キーワードは異文化への憧れと宗教的神秘である。 現実という此岸から彼岸――もうひとつの世界を望み見るようなところがあって、彼岸への飛躍のツールとして「異文化」「宗教的神秘」がつかわれている。


◆ SAUDADE  (80.11.21/54位/1.0万枚)
cover 1. 異邦人 
2. アルファマの娘 
3. トマト売りの歌 
4. 18の祭り 
5. 4月25日橋 
6. サウダーデ 
7. 九月の色 
8. 憧憬 
9. 真夜中の散歩 
10. ビギニング
(久保田早紀/久保田早紀/萩田光雄)
(久保田早紀/久保田早紀/萩田光雄)
(久保田早紀/久保田早紀/萩田光雄)
(久保田早紀・山川啓介/久保田早紀/萩田光雄)
(久保田早紀・山川啓介/久保田早紀/萩田光雄)
(久保田早紀/久保田早紀/萩田光雄)
(久保田早紀/久保田早紀/萩田光雄)
(久保田早紀・山川啓介/久保田早紀/萩田光雄)
(山川啓介/久保田早紀/萩田光雄)
(久保田早紀・山川啓介/久保田早紀/萩田光雄)

 A面(M-1〜M-5)はポルトガルはリスボンでの録音。
 ついに憧れの地、ポルトガルでのレコーディングを敢行するのだが、何かが違う。パラパラと哀しみ零れ落ちるようなギターラの音色は美しいのだが、どこか彼女の声としっくり馴染まない。
 憧れの果て、シルクロードの西の果てに辿りついた彼女はここではじかれる。
 雲の上を歩いているような底抜けの陽気さと海の底のような哀しみ、音の素朴さと人懐こさ、そんないかにものファドらしさを出そうという努力は、作品のそこかしこから感じられるのだが、なにかが違うのだ。
 ひとついえることは、バックトラックは確かにファドであるが、久保田早紀の声はファディスタの声ではない、ということだ。

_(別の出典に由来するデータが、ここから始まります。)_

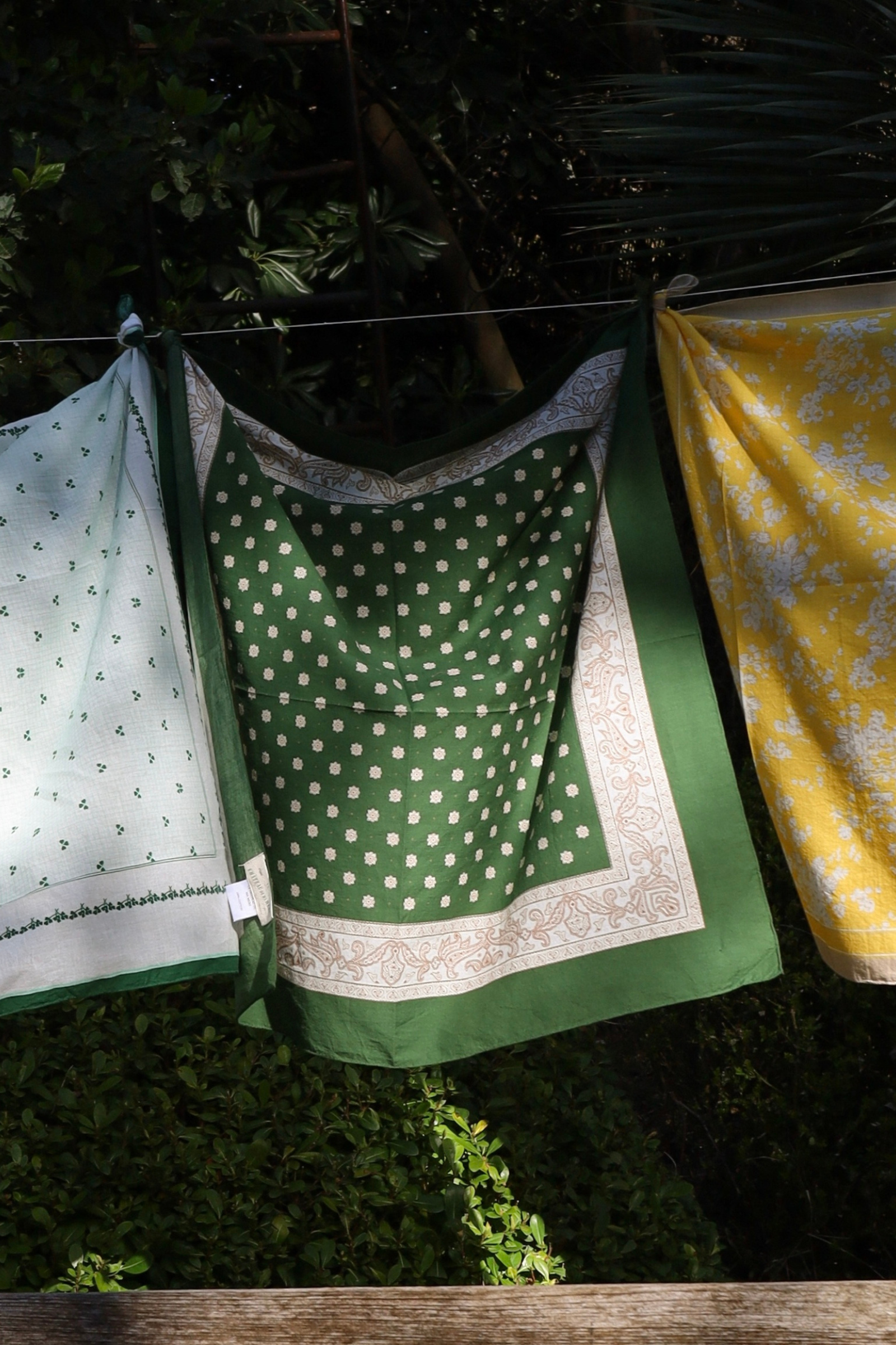 Bandana en coton carré à motifs Mouche Vert.

 果たしてこれこそが自身の求めていた音楽なのか。彼女自身も迷ったのではなかろうか。A面を通して聞いていると、結局今までの完成度の高い久保田早紀の歌はただの擬似ワールドミュージックだったのでは、という気分になる。
 そうした疑念を持ちつつB面にひっくり返すと、B面の東京で録音されたいつもの楽曲は「ただの」歌謡曲に聞こえてくる。
 ポールモーリアチックな「九月の色」、ど歌謡曲アレンジの「真夜中の散歩」など、旧態依然とした泥臭い歌謡曲の世界。ここでさらに萩田光雄アレンジの限界も露呈される。
 歌謡曲とファドの間で引き裂かれた結果、さまざまな彼女の問題点が浮き彫りになるが、要はこういうことである。
 ワールドミュージックと歌謡曲の間で都合よく手前味噌で曲を作り上げてきただけで「久保田早紀の音楽」なる確固たるものはまだ何も作られていなかったのだ。

 ここから以後数作、彼女は自己確立のためもがき苦しむこととなる。これはいつか来るべき壁であり、挫折であった。 このアルバムはそんな必然的失敗作といっていいだろう。
 東の果てから西の果てへ。シルクロードの旅を終えた彼女は、自らを求める旅に出ることになる。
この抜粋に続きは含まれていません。